SWINE 'FLU (Influenza A H1N1) is rapidly spreading. A vaccine to prevent infection is urgently needed but it will be next year before there are sufficient supplies to protect everyone in Britain. Eventually half the population may be infected.
Fortunately, for most people the infection is unpleasant but not serious. The number of people developing complications or dying does not seem to be higher than normal seasonal flu. But 'flu viruses are unpredictable because they can quickly change. It could become more serious as a result.
Flu pandemics - affecting much of the world - occur every few decades. Scientists have been warning of a new one for several years. The outbreak of bird flu in 2005 could have been the beginning, but that virus was not particularly infectious to humans.
The pharmaceutical industry has had plenty of time to get ready, so how prepared is it to meet the demand for billions of doses? Flu vaccines cannot be developed in advance, because of the way the virus changes. Neither can a production line simply be switched on, as the vaccines involve growing a modified form of the virus, which takes at least 12 weeks and may take months.
Safety trials should be carried out, in case of side effects. But there needs to be factories ready to start production as soon as the development work has been done.
Around 300 million doses of seasonal flu vaccine are produced globally each year. If manufacturers were to switch to producing a single pandemic strain vaccine, they might triple the number of doses to around 900 million.
The World Health Organisation said up to 4.9 billion doses could be produced in 12 months. But if more than one shot per person is needed (two are likely) and production yields are lower than for seasonal flu vaccine, far fewer people would have access to protection.
US manufacturer, Baxter International, said on 23 July that it has taken orders from five countries, including Britain, Ireland and New Zealand, for a total of 80 million doses of vaccine and will not take any more. It will manufacture these in new factories in the Czech Republic and Austria.
Baxter could take $30-$40 million in revenue from these contracts, according to the Chicago Tribune. That's 50 cents a dose - about 30p. In the second quarter of this year, Baxter made $587 million profit - 8% up on last year. Dividend payments rose 13%.
Another company benefitting from the flu scare is GlaxoSmithKline (GSK). Sales of the company's Relenza inhaler, an alternative to Tamiflu used by pregnant women among others, are expected to top £600 million. This figure could be boosted by up to £2 billion once deliveries of its vaccine begin in September.
"We are not trying to generate some crazy level of profit," said GSK chief executive Andrew Witty. "Equally our shareholders wouldn't want us to do it for anything other than a return."
GSK and other pharmaceutical companies won't build and maintain expensive factories that might not be needed for many years, just to be ready for a pandemic when it arrives. That's why the pressure to bring out a swine flu vaccine quickly threatens normal production of seasonal 'flu vaccines. The same production facilities may be needed.
The US government has just awarded a $35 million contract to Protein Sciences Corporation. This company is developing a new and quicker way to make vaccines, using insect cells in which to grow viruses, rather than the conventional hen's eggs. Only the day before the contract was made, the company was on the verge of bankruptcy!
Developing and producing vaccines should not be left to the whim of corporations run for profit. A publicly owned and democratically controlled pharmaceutical industry would put the necessary resources into pandemic preparation, even if these were not needed for many years.

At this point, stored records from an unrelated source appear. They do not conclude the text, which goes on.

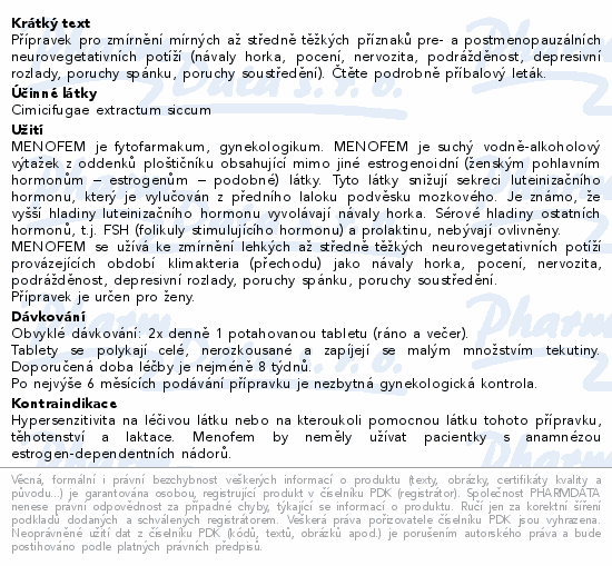 Menofem je registrovaný léčivý přípravek určený k úlevě od mírných až středně závažných příznaků perimenopauzy a menopauzy. Jedná se o ověřený rostlinný přípravek, jehož účinnou látkou je extrakt z byliny ploštičníku hroznatého.
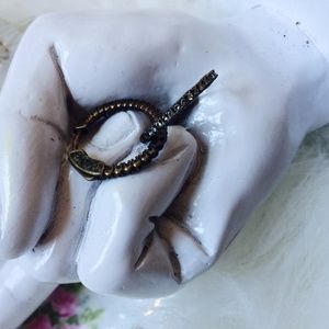 . \\Zara// Steampunk style double sided clear crystal stone ornate oxidized hoop earrings ::: Approximately [circumference of a penny] ::: For pierced ears ::: Worn a few times + shows some wear on metal + stones are a little darker in certain areas ::: Bought originally for [$35] ::: Please ask any + all questions prior to purchase + review photos ::: Photos of actual item for sale ::: home•
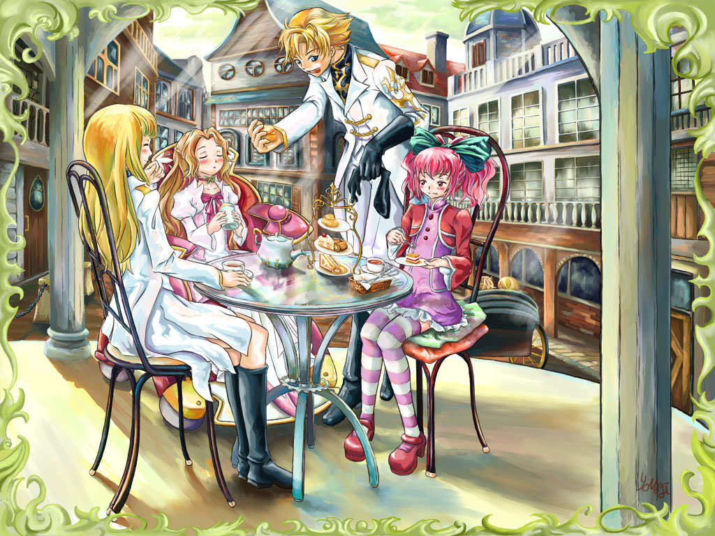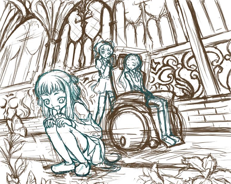 以前書いてた 掲示板の「ナナリーの車椅子をアーニャが押してる絵が見たい」という書き込みが元なのですが、その後に見たギアスR2第6話登場の天子様がべらぼーに可愛かったのでついつい入れてしまった。あと、パースは適当。
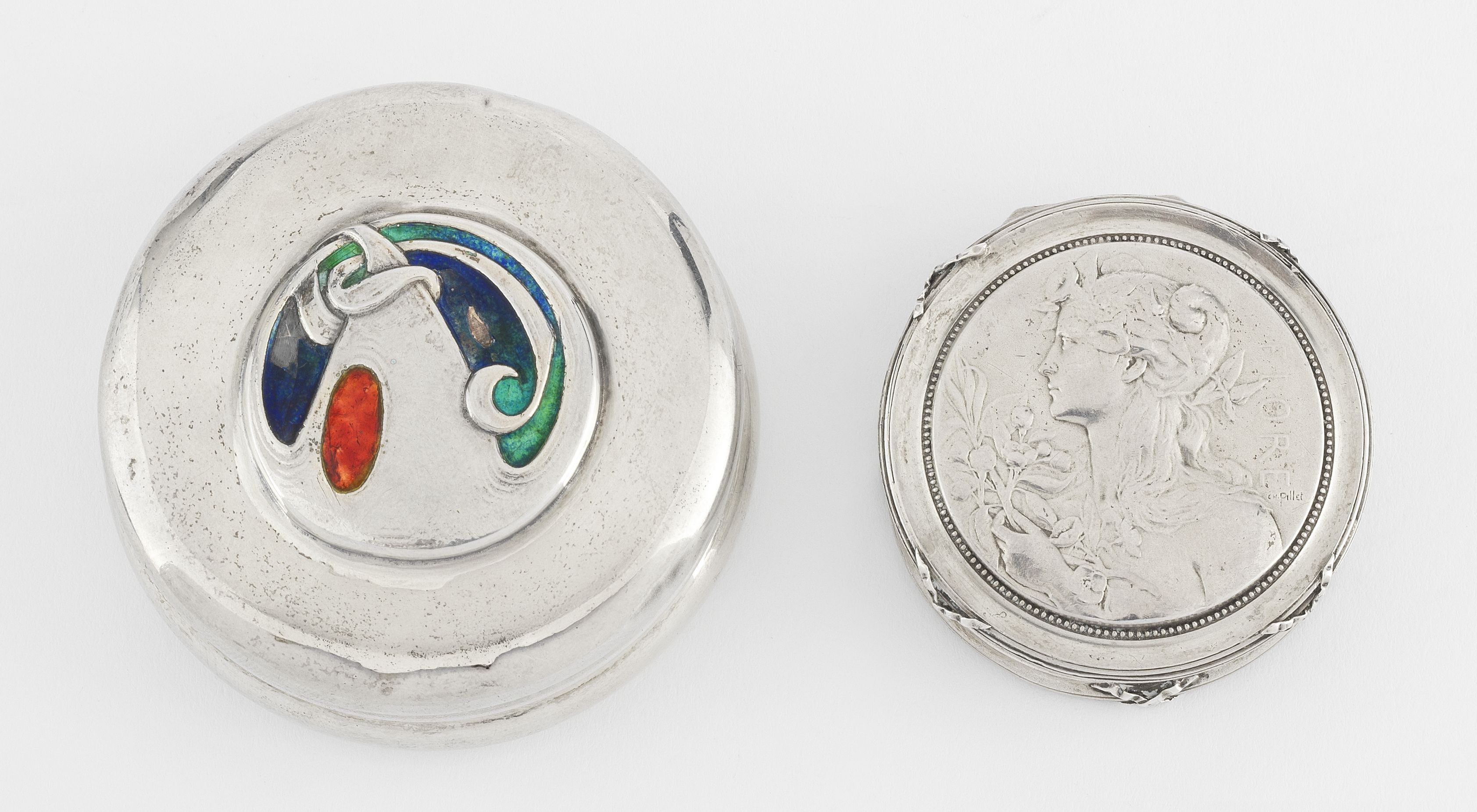 5479. Deux boîtes à pilules à décor de Flore et d'un motif Art nouveau
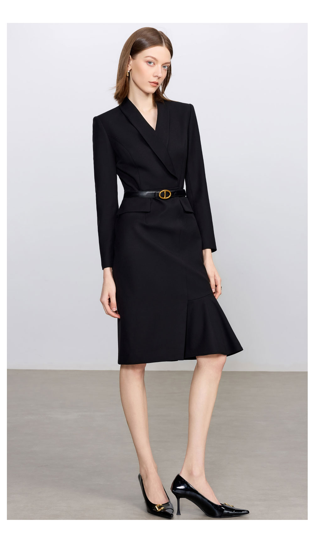 IWY/气质西装连衣裙女收腰显瘦黑色职业装干练通勤正装Q1445
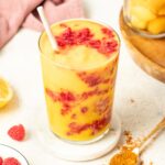To serve, pour the raspberry puree in a glass. Fill the remainder of the glass with the smoothie and stir to incorporate. Enjoy!

It would also ensure that there was capacity to manufacture enough doses for everyone at risk, including those living in countries where most people have no adequate health services. The speed with which this virus spread from Mexico shows that an international plan to fight such infectious diseases is needed.
Since 9/11 the US has spent over $864 billion on war in Afghanistan and Iraq. It would probably cost under $10 billion to produce sufficient flu vaccine for the whole world. There is no doubt which expenditure would make us all safer.